How to learn anything
Josh Kaufman
"The Personal MBA: Master the Art of Business"Josh Kaufman is the author of “The Personal MBA: Master the Art of Business.” The book that this conversation is based on, “The First 20 Hours: How to Learn Anything…Fast!”
Josh Kaufman spent years learning how to build websites.
“I had no idea where to start or what to do,” says Josh, author of The First 20 Hours: How to Learn Anything…Fast. “So, I did what a lot of people did. I fiddled around, and I fiddled and fiddled and fiddled.”
Now, more than a decade later, Josh can build a nice-looking site. But he says he didn’t need to spend 10 years learning how to do it.
“The vast majority of us learn [a new skill] the hard way,” he says. “We learn it the long way.” But research has shown that “there are things that you can do to learn in a much faster, much more efficient way,” says Josh.
So Josh tested this research on himself last year, learning how to play the ukulele, how to windsurf, how to program, how to do yoga, and how to play the most complex board game in the world. And in the process, he developed a method to learn anything as quickly as humanly possible.
In his Mixergy course, Josh shows you how to learn anything in 20 hours. Here are three highlights from the course.
1. Don’t Freak Out
Acquiring a new skill is scary.
“It’s super intimidating,” says Josh. “You know, as a general rule, adult learners hate feeling stupid.” And “the biggest barrier to learning something new is overcoming that initial intimidation,” he says.
So how do you get some perspective?
Define success for yourself
Create your own definition of success.
“Defining the target performance level says, ‘Okay, I’m not trying to do everything that is ever going to be possible with this particular skill,’” says Josh. “‘I don’t have to learn everything at once. Here’s my target. I’m going to work towards it.’”
For instance, when Josh was learning how to play the ukulele, he chose to define success as being able to figure out how to play any song he picked up. “I didn’t have to be
able to perform flawlessly in a concert,” he says. “I just wanted to be able to pick up the instrument, find a song, and have a fighting chance of figuring out how to play it.”
2. Get Out of Research Mode
Learning a new skill requires some research, but not as much as you might think.
In fact, Josh says that “research is a form of procrastination. So you don’t want to spend 10 of your 20 hours on this stuff.”
That’s the mistake Josh made when he was learning how to program. “I got 20 books on programming [and] I got five courses,” he says. “And I was thinking to myself, ‘I’m going to read all of these books, and I’m going to take all of these courses, and then I’m going to sit down and write a computer program.’ It was totally backwards.”

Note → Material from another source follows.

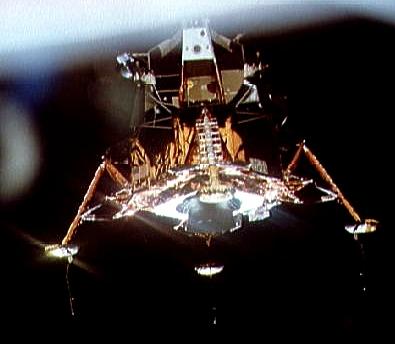 Apollo 11 View Lunar module from the Command module before its descent to lunar surface Credit: NASA. File Name: 10075256.jpg. Image width: 395 pixels. Image height: 344 pixels. Image size: 18,071 bytes. |

So how do you research the right way?
Research just enough to start
Spend one to two hours researching the most important things you need to know. “You want to get to the actual practice as quickly as possible,” says Josh.
To do that, find three to five solid how-to books on the subject, then quickly skim them, looking at the table of contents, headings, index, and briefly skimming the chapters. “Look at the concepts and ideas that come up over and over again,” he says.
For instance, when Josh decided to learn how to windsurf, he quickly browsed a few books to figure out what equipment he needed to buy. “I had a good working knowledge of what I needed and what I didn’t because I did a little bit of research [before I bought anything],” he says. “That helped a lot.”
3. Be in It to Win It
At first, learning a new skill will not be fun.
“The first few hours of doing this, they’re going to suck, and they’re going to suck bad,” says Josh.
That’s about the time that most people give up. “They’re terrible or it’s not working or they don’t know what to do, and they get so frustrated and so upset with themselves that they stop doing it,” says Josh.
For instance, before Josh could even learn how to program, he had to spend five hours just installing the latest version of Ruby. “I hadn’t even got to the writing a program stuff yet, which is hard in its own right,” he says. “I was just getting to the point where I could start.”
And he could have given up then and there. “It would have been really easy to say, you know what, this is stupid,” he says. “It’s too hard. I’m just going to shove this in a corner and I’m going to go do something else.
So how do you keep learning even when you suck?
Make a commitment
Pre-commit to 20 hours of deliberate practice.
The first few hours are horrible, but “hours four to six are about the time where you start seeing improvements in your ability to actually do this thing,” says Josh. “So, pre-commitment is saying to yourself before you get started, ‘I am going to invest at least 20 hours of practice in this thing, or I’m not going to do it at all.’”
That way, you’ll practice long enough to see results. “When you start seeing results, you get that burst of internal motivation,” he says. “It’s like, ‘I can do this. There’s something that I couldn’t do. Now I can do it. This is awesome.’ And [then you] keep doing it.”